Blurring these distinctions causes incidents. Accumulating 24-hour monitoring in an interval loop causes costs to explode. Putting fixed-time repetition into goal mode leaves it without a convergence criterion, and it wanders. So before starting a loop, we require an answer to: “Is this a goal, a loop, or a schedule?”
Application to ThakiCloud’s K8s AI/ML SaaS Platform
Loop engineering goes beyond a single developer’s productivity tip; it is a core operational competency for running a multi-tenant platform. ThakiCloud runs agents and pipelines in isolated environments for each customer, and uncontrolled token burning by any tenant’s unattended loop becomes directly an operations cost and stability problem.
We manage unattended loops through a central registry and a standard signal bus. We declare in one place what each loop reads and writes, and when loops need to communicate, they connect only through declared signal topics, not arbitrary shared files. A loop that is not in the registry is invisible, and an invisible loop gets abandoned and becomes the seed of a cost incident. So we require every new loop to be registered.
From a platform perspective, this is product competitiveness. In an architecture that queues GPU workloads through Kueue on Kubernetes and isolates model serving per tenant, the ability to enforce loop costs and termination conditions in code is the foundation that lets on-premises customers run agents safely on their own infrastructure. An autonomous agent whose costs are not controlled is impressive in a demo and a liability in production. What we sell is the operational design that turns that liability into guardrails.
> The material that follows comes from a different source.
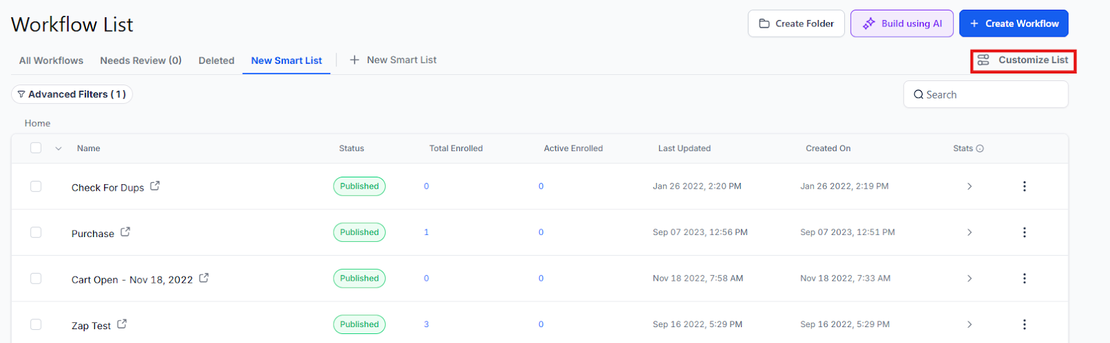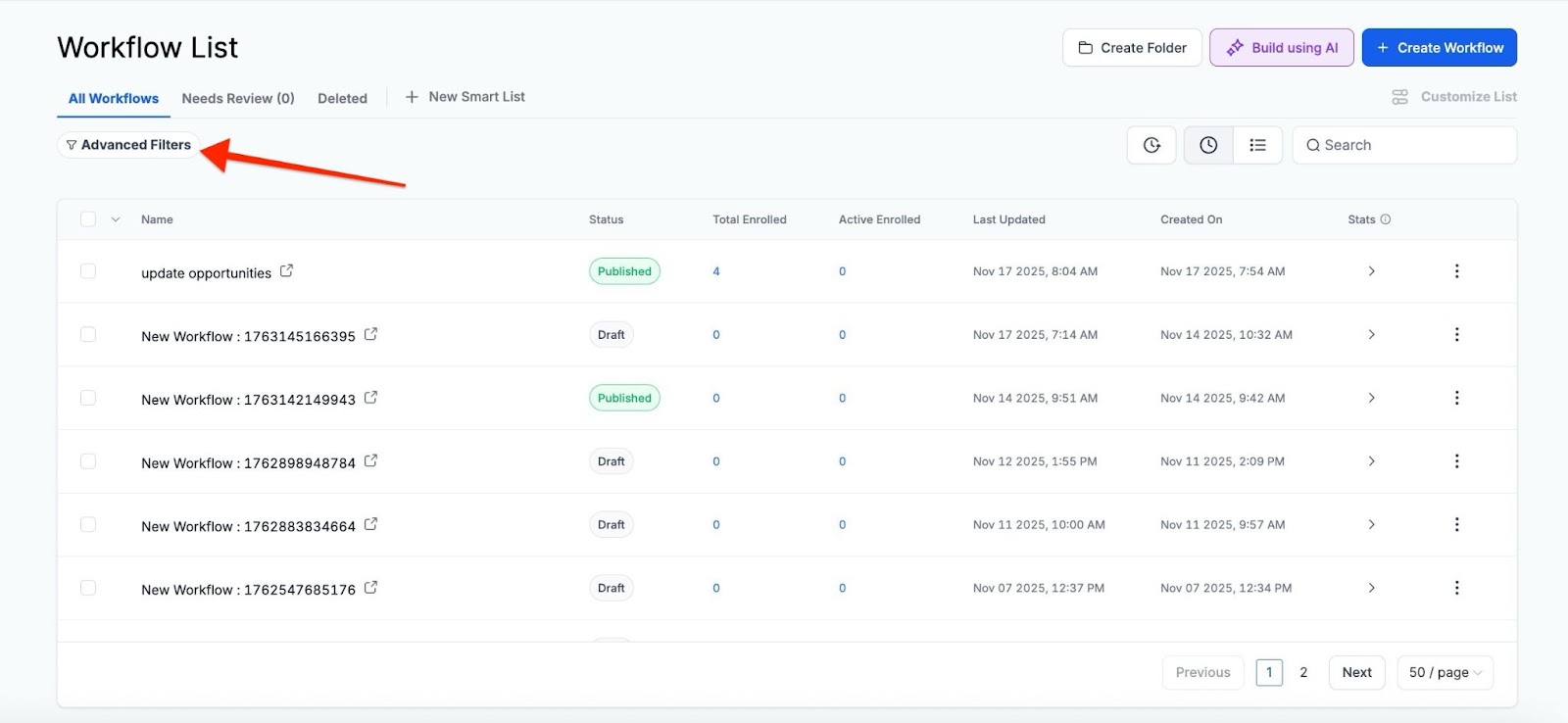 - Streamlined Workflow Management: With Advanced Filters and Smart Lists, you can quickly narrow down workflows based on specific criteria such as triggers, actions, and tags. This eliminates the need for manual searching and helps you locate workflows in a matter of seconds.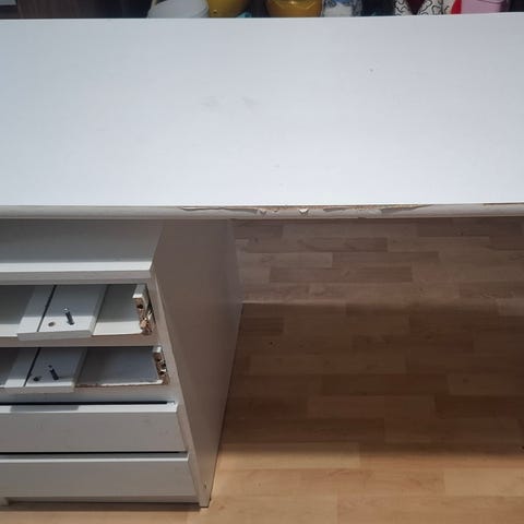 Annetaan pöytätaso vaikka auto tallikäyttöön. En osaa sanoa mitä materiaalia, mutta päälystetty dc-fix. Koko n. 80cm x 200cm

For practitioners, the implication is equally clear. When a data scientist or ML engineer runs overnight batch experiments or automates a data pipeline, covering three things alone prevents most cost incidents: separating the verifier, capping tokens, and keeping a memory file. This pattern is not tied to any particular vendor and works with any agent harness.
Limitations and Objections
Loop engineering is not a universal solution. The strongest objection is that not every task is a loop problem. Forcing a one-off question or a single file edit into a loop adds design overhead and gains nothing. Loops have value only for work that is repetitive and verifiable.
A second objection is that verifier separation is not free. A separate verification agent costs additional tokens, and the verifier itself can be wrong. If a verifier never filters anything out, that may be a signal that verification is not working properly. Verification stages should therefore be designed with a different perspective from the producing agent, and ideally an adversarial one.
Finally, watch out for the temptation of automation itself. When a loop appears to run smoothly, people become careless about reviewing it. But the second currency on the invoice, attention, does not disappear because you automated. If the discipline of reading the output once all the way through and periodically sampling results is skipped, even a well-designed loop will quietly accumulate results you cannot use.
Ultimately, the core of loop engineering is not expanding autonomy but drawing the boundaries of autonomy clearly. The discipline of deciding before you run how far to delegate, where to stop, and what to verify with is what separates a loop that does not burn tokens from one that becomes a liability.